Links: Life’s terror and beauty. Also, the need to build more and faster

* Life is so terrible and beautiful at the same time.

* “The Age 30 Crisis and Seasons of a Man’s Life.” Linked more to the first link than may be apparent at first glance.

* “America’s Long, Tortured Journey to Build EV Batteries.” (Bloomberg, $).

* “Conservatism as an Oppositional Culture?”

* “To speed scientific progress, do away with funding delays.”

* “Brits are less productive because it is too hard to build stuff.” Being able to build things is good, and not being able to is bad.
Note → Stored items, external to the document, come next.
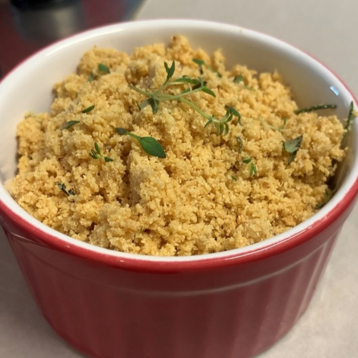 Farofa feita com mandioca crua,feita com alho e cebola
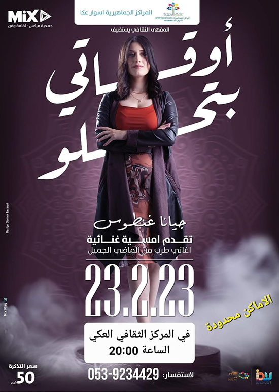 يسر المراكز الجماهيرية اسوار عكا دعوتكم لحضور عرض “اوقاتي بتحلو” مع اجمل اغاني كبار الفنانين باداء الفنانة جيانا غنطوس, يوم الخميس 23/2 الساعة الثامنة في المركز الثقافي العكي
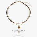不褪色 黑色珠锁骨链女短款双层皮绳项链颈带项圈小众设计choker
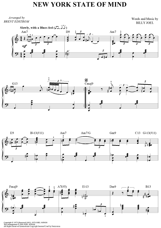 Digital Sheet Music for New York State of Mind by Billy Joel, Brent Edstrom scored for Piano Solo; id:460613
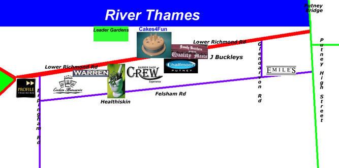 Stephen Wallace the Town Centre Manager for Putney described the Lower Richmond as niche shopping: " The Lower Richmond Roads unique mix of shops brings a richness to Putney's retail landscape that's unusual in London. Whether you want to dine out, or simply buy flowers, specialist sausages, a custom Mini, decorating materials, party cakes and accessories or fine art, the Lower Richmond Road has it all!"
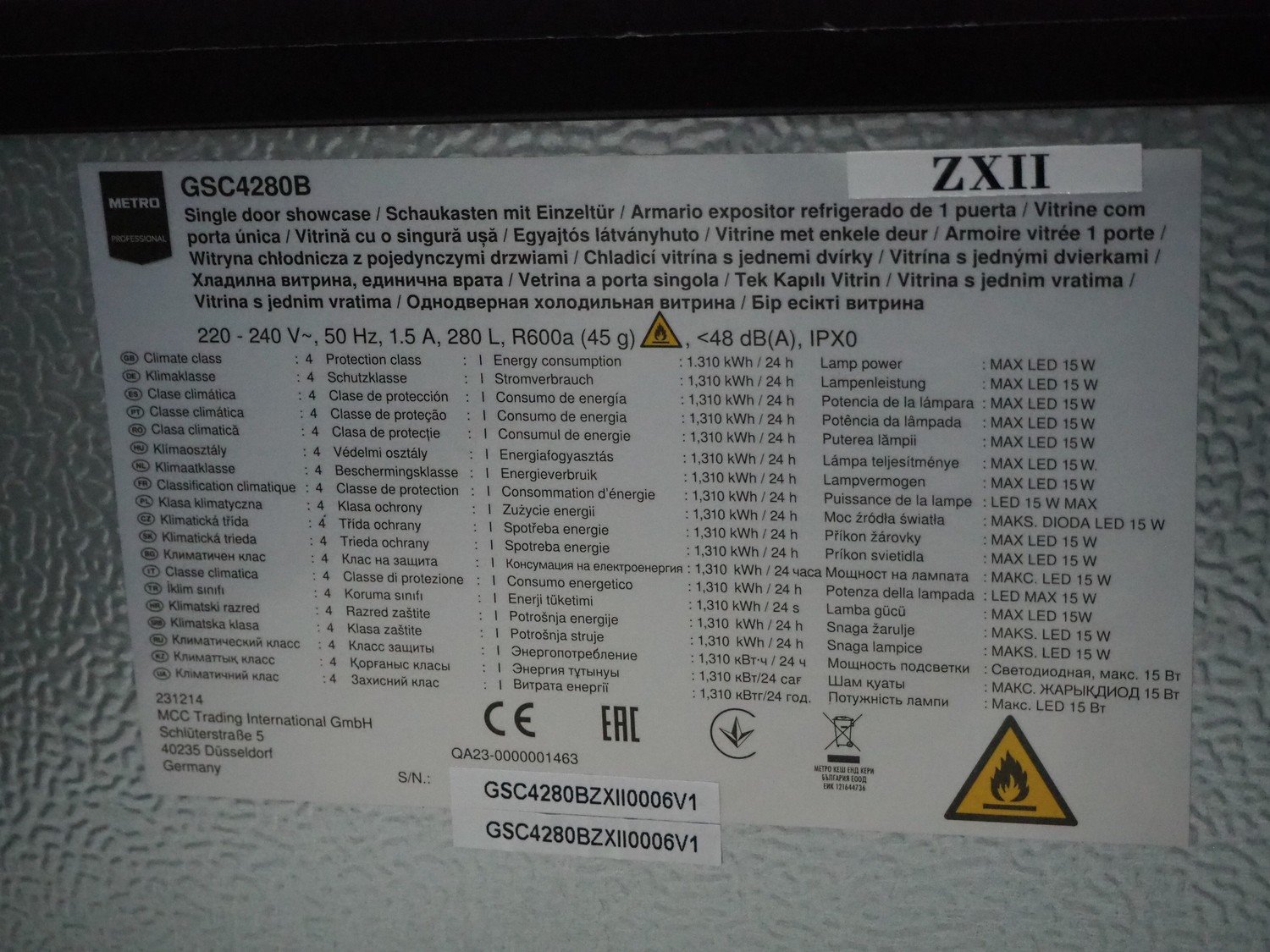 Metro refrigerator, type: GSC4280B, serial number: GSC4280BZXII0006V1, 220-240 V, 50 Hz, 1.5 A, refrigerant: R600a/45 g, 16 floors, dimensions floors: (16x) 330 mm x 510 mm, total dimensions: 595 mm x 540 mm x 1575 mm. Kavel locatie: Sprokkelveld 5, 6596 DH Milsbeek, Nederland

Similarly—both guys are even named Sam!—”Why is Britain poor, especially compared to France?” Answer: a vetocracy even worse than the one that exists in much of the U.S. In the meantime, Finland has substantially ameliorated its homelessness challenges by building a lot of housing. It’s frustrating to watch easily solvable problems, with current and even quite old technologies, go unsolved. In fields like computer science, the easy problems get solved, because of, among other things, the lack of veto points.

* “$7,200 for Every Student: Arizona’s Ultimate Experiment in School Choice.” It’s possible many public school personnel have overplayed their hands.

* Making mechanical keyboards in China. I’m fond—overly fond, to the point of wasteful pointlessness—of mechanical keyboards, and am now using a Kinesis Advantage keyboard as modded by Upgrade Keyboards. If you’re susceptible to keyboard gear-acquisition syndrome (GAS), don’t visit Upgrade Keyboards.

* “The Coming Apart Case for Less Entitlements.”

* Arts & Entertainments by Christopher Beha. A fun book, and a light one (deceptively light, maybe) of the sort I wish there were more of.